As indicated by the company's financial disclosures, stock-based compensation has consistently added back to the cash flow statement, with quarterly amounts ranging from $221,000 to $423,000, effectively masking the true economic cost of talent retention during this capital-intensive clinical development phase.
While stock-based compensation is a non-cash expense, it represents a real dilution risk to shareholders that is not fully captured in the headline cash burn figures. Investors should consider the impact of this ongoing dilution when evaluating the company's total cost of capital and future equity requirements.
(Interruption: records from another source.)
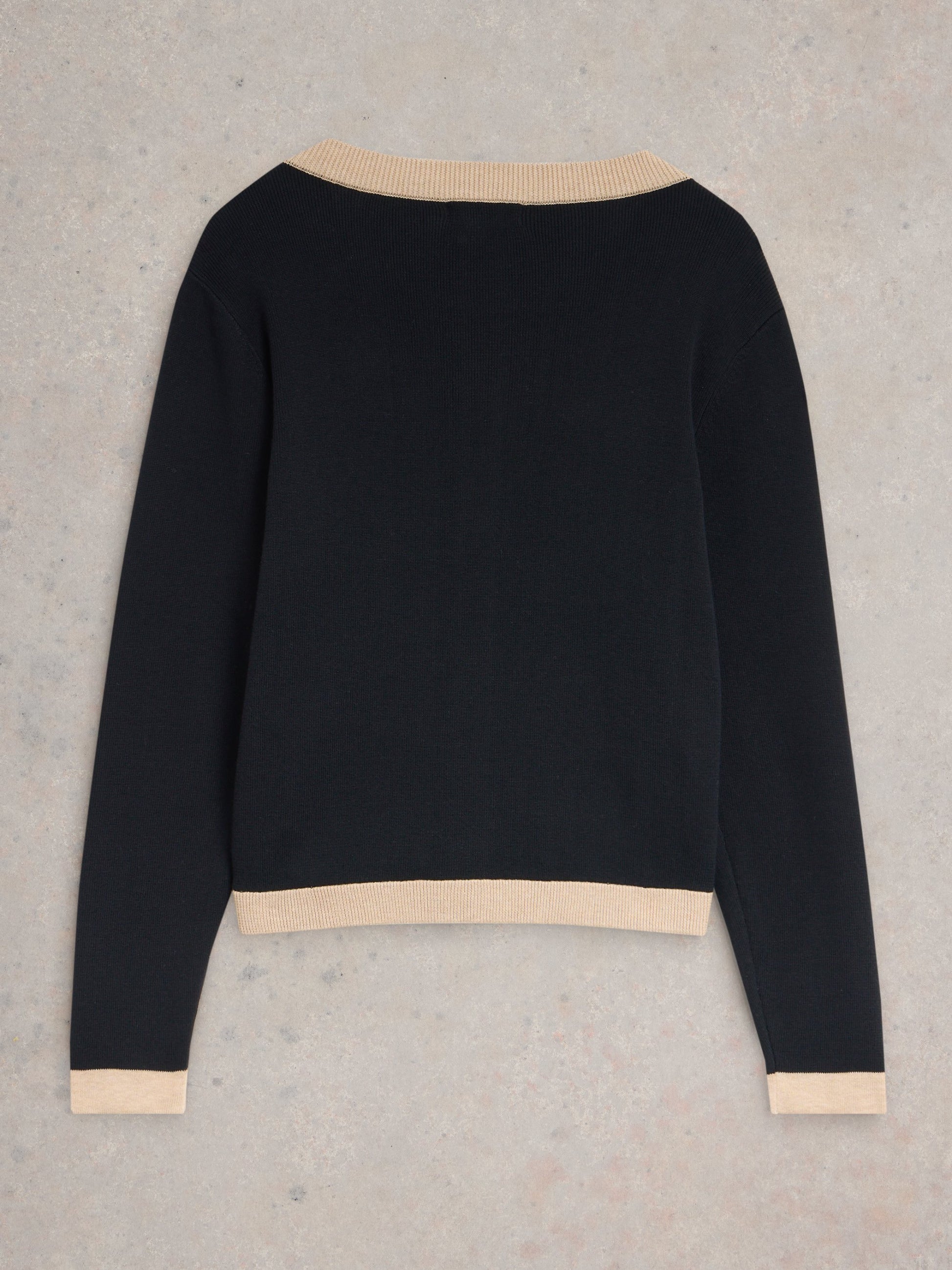 This is a smart choice. 100% organic cotton. Classic cardigan shape. With cute, fake pockets and contrast tipping that give it a polished look. It’s like your cardi just got a promotion.
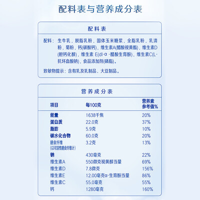 蕴含膳食纤维,能满足身体所需营养,营养均衡。高钙的配方成分呵护骨骼,维持骨骼密度和硬度,关注中老年人身体健康。
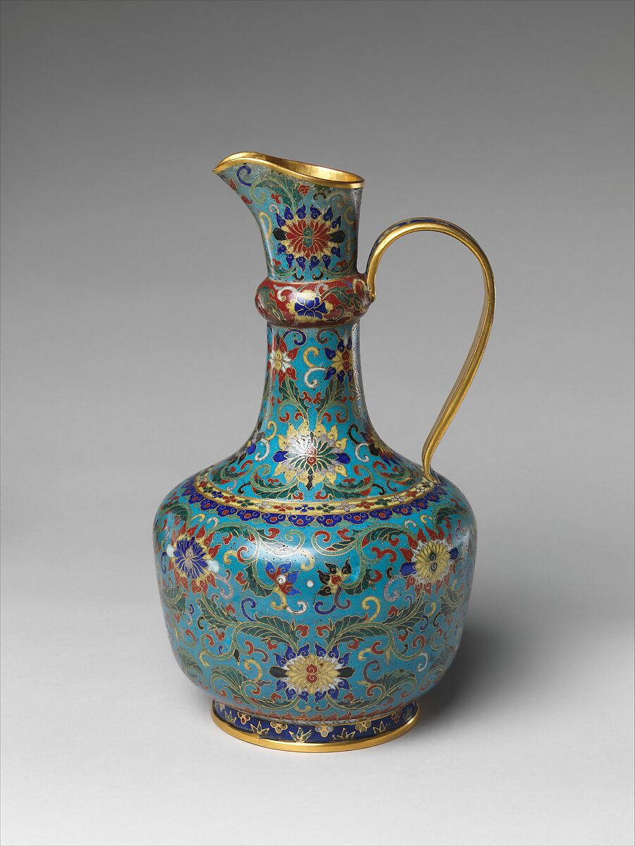 The earliest securely dated Chinese cloisonné, in which colored glass paste is applied within metal enclosures and fired, dates from the reign of the Ming Xuande emperor (1426–35). However, cloisonné is recorded during the previous (Yuan) dynasty (1271–1368), and it has been suggested that the technique was introduced to China at that time via the western province of Yunnan, which under Mongol rule received an influx of Islamic people. The shape of this ewer, which was introduced to China in the early fifteenth century, also derives from Islamic metalwork
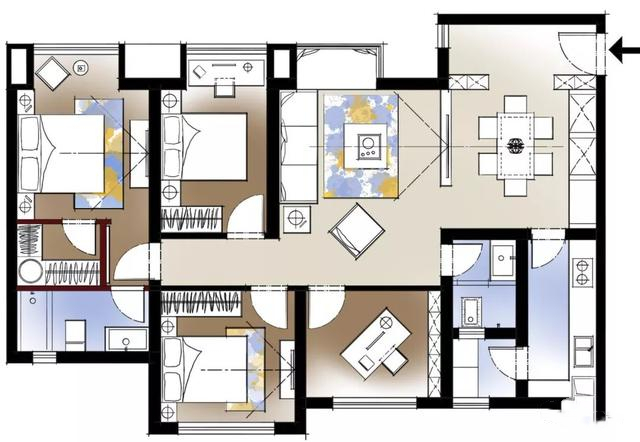 二、111平方米房子设计——糖果色111㎡三居室,治愈系温暖家装
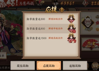 在为崽而战第二阶段进行战斗,勋章数量达到300、800、1500分别可以获得应援的式神挂件图标
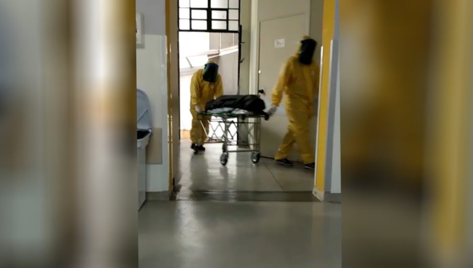 Atenção! Anda circulando pelas redes sociais um vídeo de uma suposta vítima fatal de coronavírus (Covid-19) no Hospital Santa Casa de Curitiba, mas tudo não passa de fake news. Numa imagem que mais parece de ficção científica, um corpo que está sobre uma maca em um saco preto é transportado por duas pessoas vestindo roupas de proteção amarela.
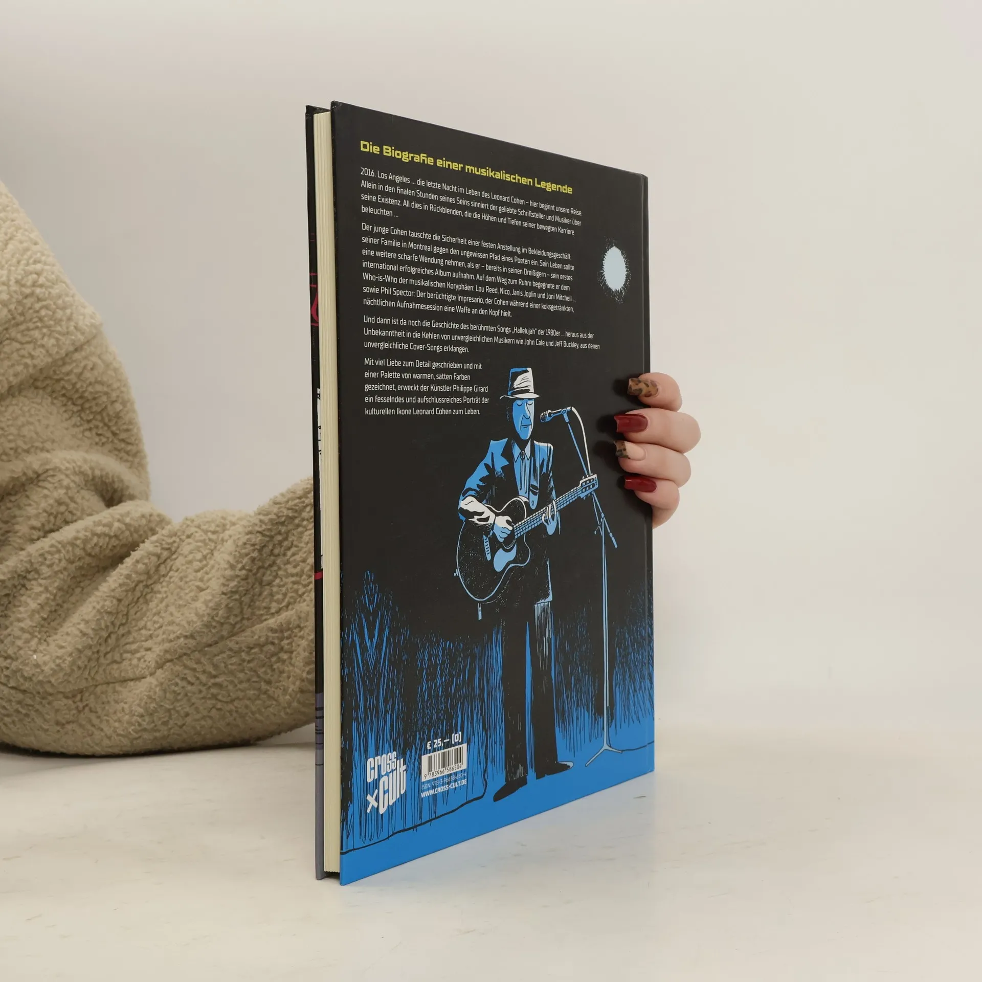 Die Biografie einer musikalischen Legende 2016. Los Angeles … die letzte Nacht im Leben des Leonard Cohen – hier beginnt unsere Reise. Allein in den finalen Stunden seines Seins sinniert der geliebte Schriftsteller und Musiker über seine Existenz. All dies in Rückblenden, die die Höhen und Tiefen seiner bewegten Karriere beleuchten … Der junge Cohen tauschte die Sicherheit einer festen Anstellung im Bekleidungsgeschäft seiner Familie in Montreal gegen den ungewissen Pfad eines Poeten ein. Sein Leben sollte eine weitere scharfe Wendung nehmen, als er – bereits in seinen Dreißigern – sein erstes international erfolgreiches Album aufnahm. Auf dem Weg zum Ruhm begegnete er dem Who-is-Who der musikalischen Koryphäen: Lou Reed, Nico, Janis Joplin und Joni Mitchell … sowie Phil Spector: Der berüchtigte Impresario, der Cohen während einer koksgetränkten, nächtlichen Aufnahmesession eine Waffe an den Kopf hielt. Und dann ist da noch die Geschichte des berühmten Songs "Hallelujah" der 1980er … heraus aus der Unbekanntheit in die Kehlen von unvergleichlichen Musikern wie John Cale und Jeff Buckley, aus denen unvergleichliche Cover-Songs erklangen. Mit viel Liebe zum Detail geschrieben und mit einer Palette von warmen, satten Farben gezeichnet, erweckt der Künstler Philippe Girard ein fesselndes und aufschlussreiches Porträt der kulturellen Ikone Leonard Cohen zum Leben.
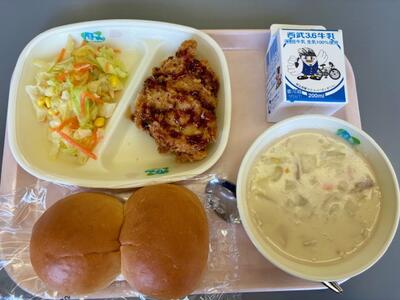 今日はポークシチューが出ました。ポークシチューはソフトフランスパンととても相性がよく一緒に食べるとどちらの旨味も引き出されとても美味しかったです。他にも鶏肉の香草焼きやコールスローサラダはしつこい味もなくペロリと食べられとても良かったです。(1年2組給食委員)
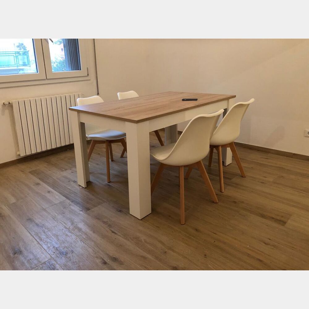 Il tavolo è nel materiale melaminico, per cui ci posso appogiare vari, piatti, posate ecc. senza il rischio di rovinare il piano. Il design semplice e pulito assicura un arredo moderno ed elegante, che dona calore e rende informale l'ambiente.
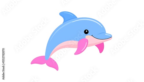 Fototapeta premium Cartoon dolphin smiling on white background.
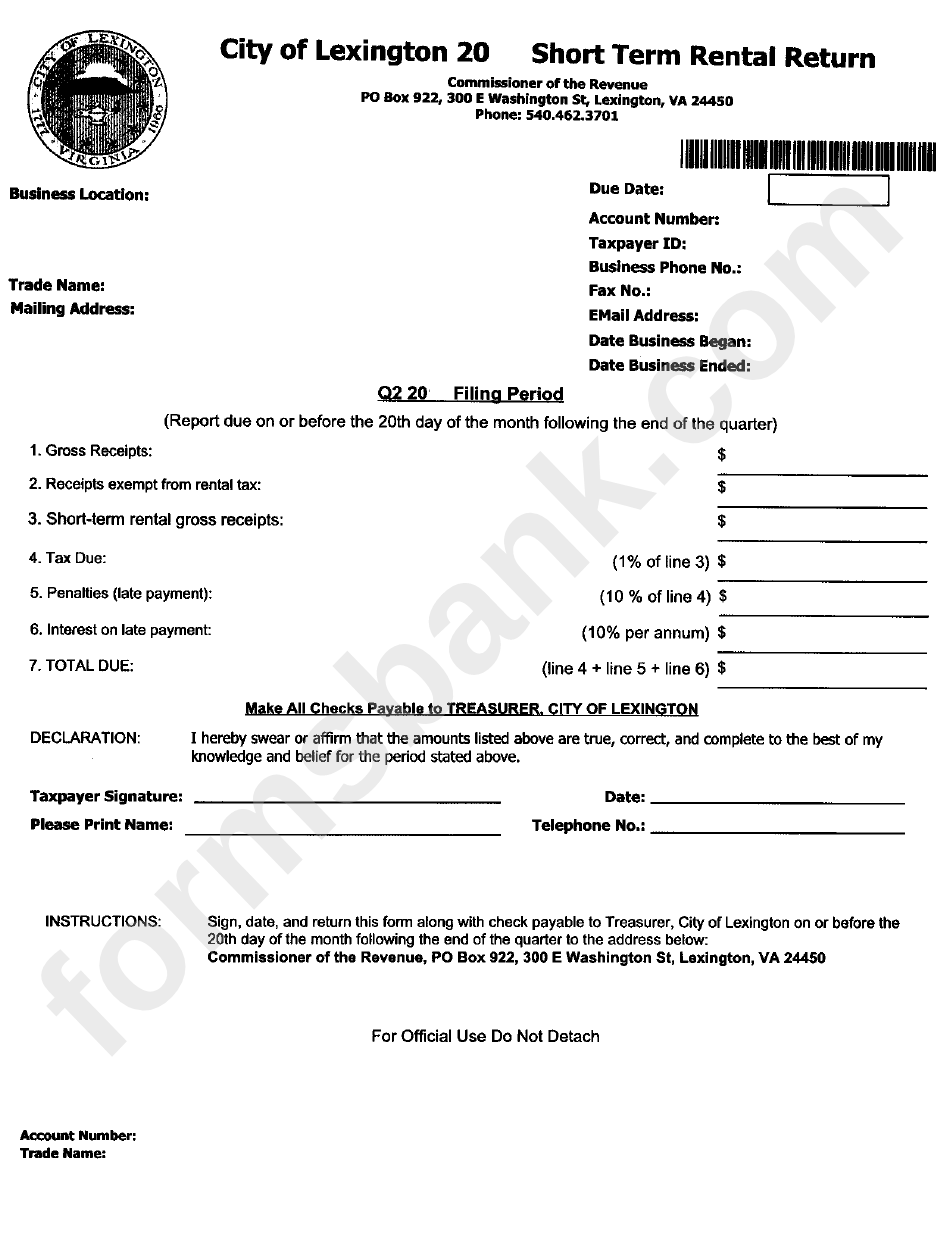 Short Term Rental Return Form City Of Lexington printable pdf download
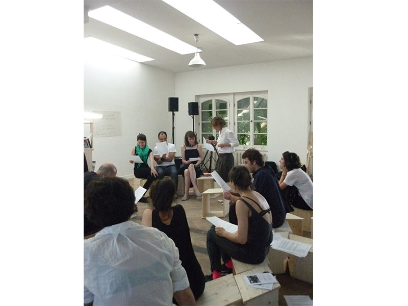 Invited by the curators Judith Lavagna and Lara Merrington to a a symposium on the performativity of curatorial, I was asked to produce a performance which would play the role of a review of the day. Forced to improvised during the symposium, I decide to write a theater play with four characters, a choir and an audience. At the end of the day I present the project to the participants, asking for people to take a role in the play and taking myself the position of director. One had the possibility to remain in the role of being part of the public. I prepared in advance a PLAY button on a computer, which starts the video clip of the song Show must go on by Queen.
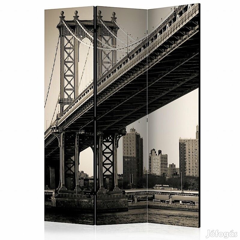 A "Manhattan híd, New York" díszítő paraván egy kivételes része a modern beltereknek. A 3-részes, fából készült és kétoldalúan nyomtatott paraván nemcsak diszkréten elválasztja a teret, de hihetetlen megjelenést is biztosít a beltérnek. A tökéletes kivitelezés és a Full HD minőségű eredeti motívumok azt eredményezik, hogy a szobaparaván mindegyik beltér számára utánozhatatlan csábot biztosít. A beltéri díszparaván minden bizonnyal nagyszerű ötlet a helyiség díszítésére. Érdemes megemlíteni a praktikus alkalmazásukat is - a szobaparavánok használhatók pl. a kiteregetett ruhák eltakarására. Nagyon eredeti díszítőelem, mely mind lakásban, mind irodákban egyaránt használható, pl: fodrászszalonban, orvosi rendelőben vagy akár könyvelői irodában is.
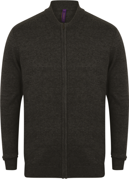 50% katoen / 50% acryl. Unisex cardigan met bomberkraag in fijn tricot van gauge 12....meer
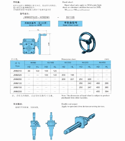 JWB滾珠絲桿升降機(jī),適用于高速,高頻率和高性能的裝置中,主要構(gòu)成部件為精密滾珠絲桿副與高精度蝸輪蝸桿副。
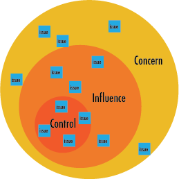 The second circle, “influence,” is a container for all the underlying issues you can’t solve right away, but you might have the ability to influence indirectly with some degree of confidence that your efforts will pay off.
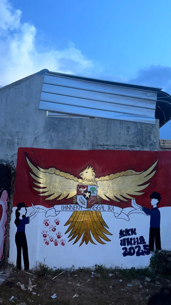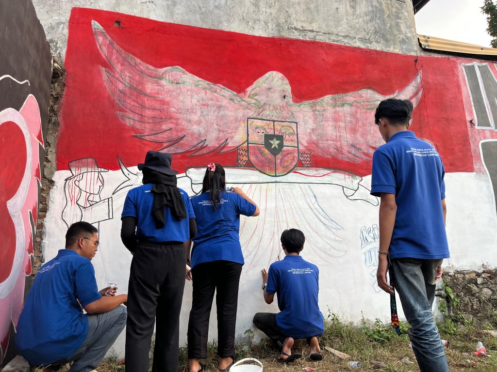 Bandar Lampung, 15 Agustus 2025 — Dalam rangka memeriahkan peringatan Hari Ulang Tahun (HUT) ke-80 Republik Indonesia, mahasiswa Kuliah Kerja Nyata (KKN) Universitas Lampung Periode II Tahun 2025 yang bertugas di Kelurahan Sumber Rejo, Kecamatan Kemiling, melaksanakan kegiatan pembuatan mural bertema kemerdekaan.
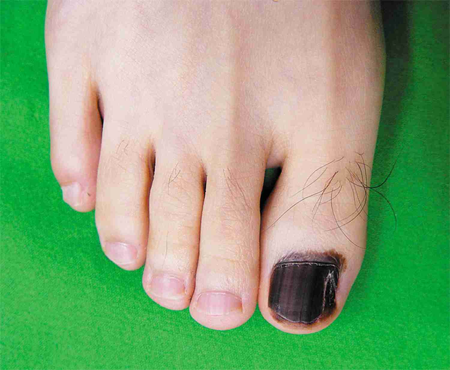 A 37-year-old man presented with a brownish-black nail on the great toe of the right foot. A darkly pigmented linear patch had started to form within the toenail 4 years earlier and had widened and darkened over time.
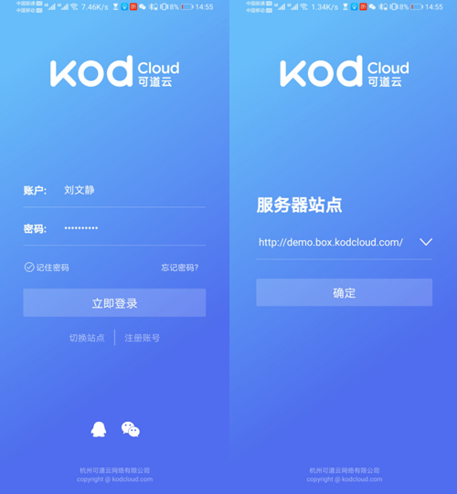 因为可道云KODBOX是私有云软件,不同系统服务器地址有所不同。首次通过KODBOX APP登录系统,需要输入站点信息。在登录页点击【切换站点】进入服务器站点设置页,然后填入正确的服务器地址。用户可以跟管理员联系取得相应的服务器地址。

Quick answers to the most common questions about buying RNXT stock.
RenovoRx, Inc. (RNXT) generated $-11.0M in net cash from operating activities in 2025. This reflects the cash generated directly from core business operations.
RenovoRx, Inc. (RNXT) reported negative free cash flow of $11.0M in 2025, indicating capital requirements exceeded cash from operations.
RenovoRx, Inc. (RNXT) spent $0.0M on capital expenditures in 2025. CapEx represents the cash invested in physical assets like property, plant, and equipment to maintain or grow the business.